• Data section

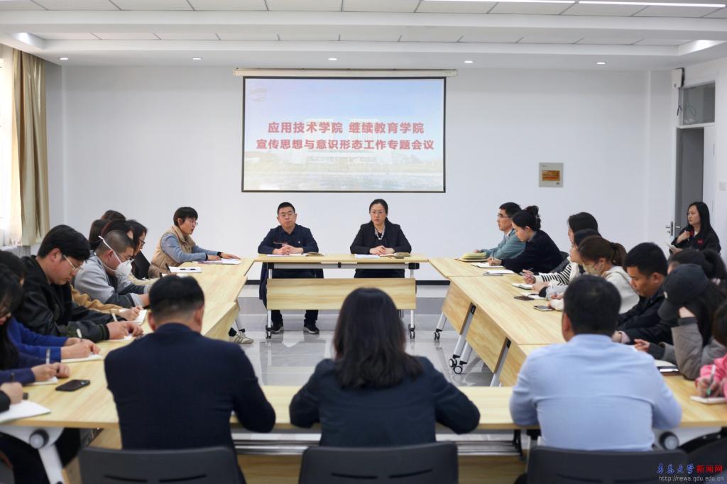 新聞網訊 為深入貫徹落實學校宣傳思想文化工作會議精神,進一步強化意識形態責任,實現高質量宣傳助推學院事業高質量發展,應用技術學院、繼續教育學院于4月23日下午在實驗樓203室組織召開宣傳思想與意識形態工作專題會議。學院黨委書記張燕出席并講話,副院長張敏主持會議。副院長初金濤及學院各部門負責人、宣傳信息員、各項目辦學單位負責人等參加會議。
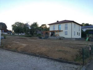 Bis zum Abend waren die Humushaufen verteilt und unser zukünftiger Garten halbwegs eben.
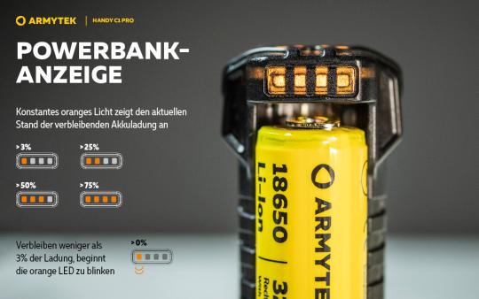 - Mobiles Ladegerät Armytek Handy C1 Pro mit Powerbank-Funktion
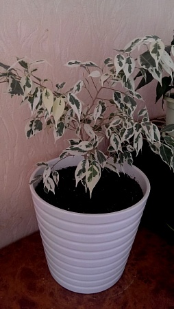 Добрый день! Не подскажете, какой именно фикус Бенджамина я приобрела? Темный цвет на листьях - темный холодный зеленый, более светлый - холодный серо-зеленый, почти чистый холодный серый, новые листья молочно-желтоватые, потом светлый цвет меняется на почти белый. Зеленые фрагменты на новых листьях ярко-зеленые, такого сочного цвета молодой зелени, потом становятся холодного темно-зеленого или бледно-серого оттенка. Высота от поверхности земли около 35 см., длина листочков в среднем 4-6 см, ширина 2-3 см. Это Старлайт, Де Гантель, кто-то еще?
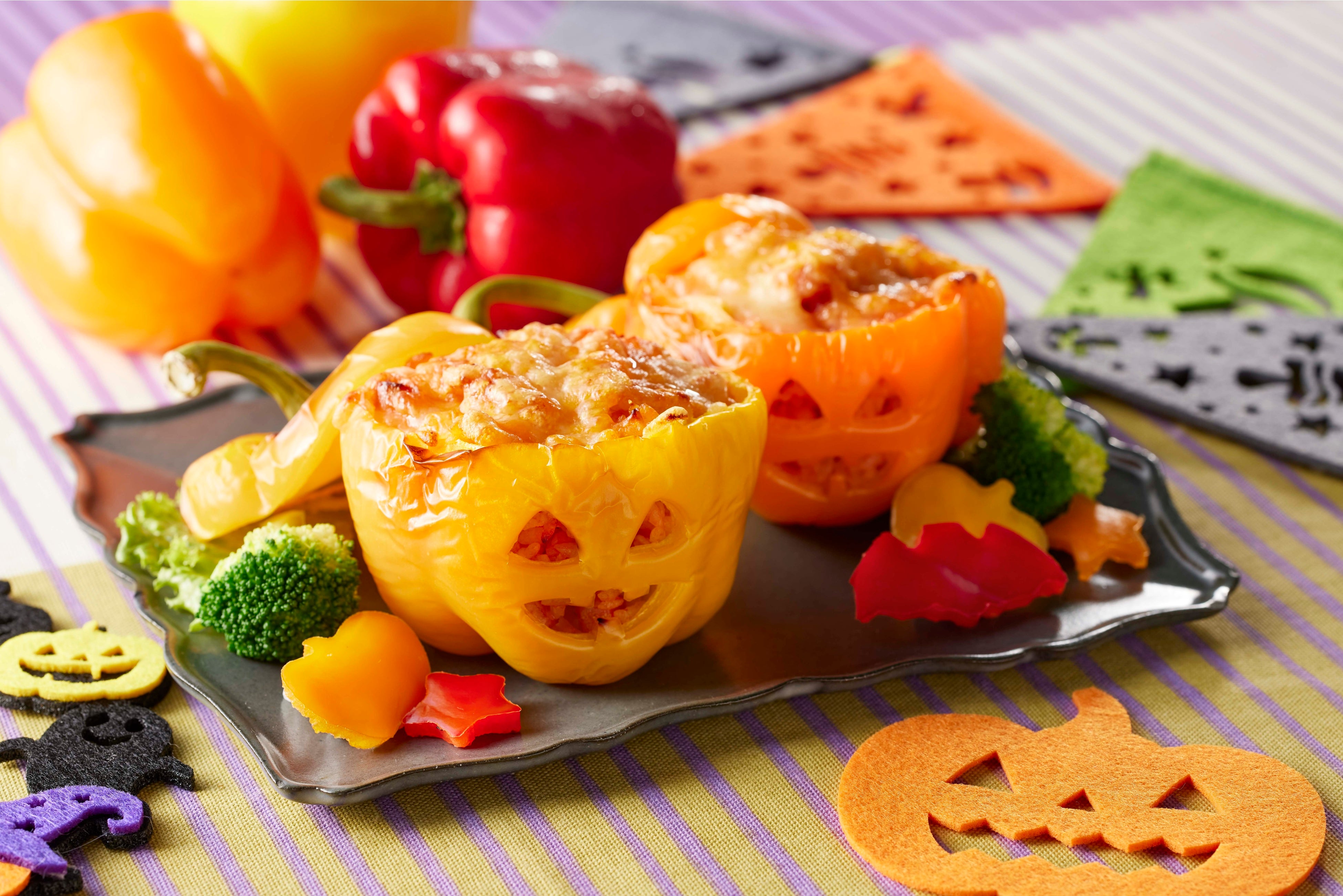 パプリカをジャックオーランタンに見立ててかわいくアレンジした、見た目も味も大満足のケチャップライスです。
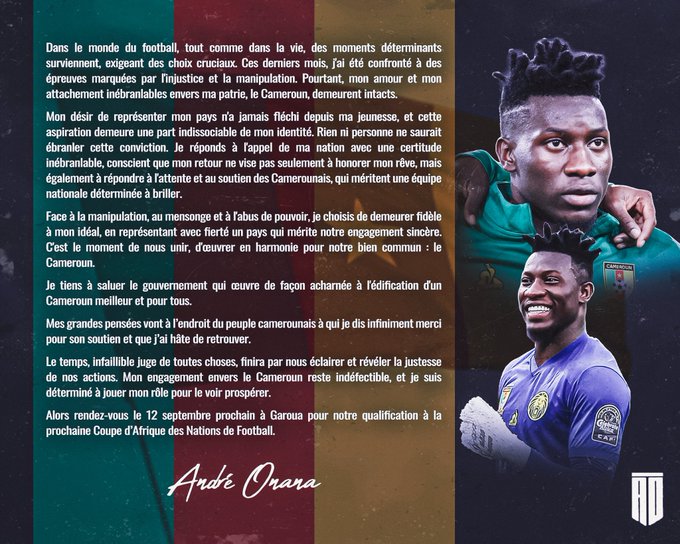 “I answer the call of my nation with an unshakeable certainty, aware that my return is not only to honour my dream, but also to meet the expectation and support of Cameroonians,” the keeper said.

• Work order
Pictures stay out; everything else in the entries is copied exactly.

• Solution for this exercise
 新聞網訊 為深入貫徹落實學校宣傳思想文化工作會議精神,進一步強化意識形態責任,實現高質量宣傳助推學院事業高質量發展,應用技術學院、繼續教育學院于4月23日下午在實驗樓203室組織召開宣傳思想與意識形態工作專題會議。學院黨委書記張燕出席并講話,副院長張敏主持會議。副院長初金濤及學院各部門負責人、宣傳信息員、各項目辦學單位負責人等參加會議。
 Bis zum Abend waren die Humushaufen verteilt und unser zukünftiger Garten halbwegs eben.
 - Mobiles Ladegerät Armytek Handy C1 Pro mit Powerbank-Funktion
 Добрый день! Не подскажете, какой именно фикус Бенджамина я приобрела? Темный цвет на листьях - темный холодный зеленый, более светлый - холодный серо-зеленый, почти чистый холодный серый, новые листья молочно-желтоватые, потом светлый цвет меняется на почти белый. Зеленые фрагменты на новых листьях ярко-зеленые, такого сочного цвета молодой зелени, потом становятся холодного темно-зеленого или бледно-серого оттенка. Высота от поверхности земли около 35 см., длина листочков в среднем 4-6 см, ширина 2-3 см. Это Старлайт, Де Гантель, кто-то еще?
 パプリカをジャックオーランタンに見立ててかわいくアレンジした、見た目も味も大満足のケチャップライスです。
 “I answer the call of my nation with an unshakeable certainty, aware that my return is not only to honour my dream, but also to meet the expectation and support of Cameroonians,” the keeper said.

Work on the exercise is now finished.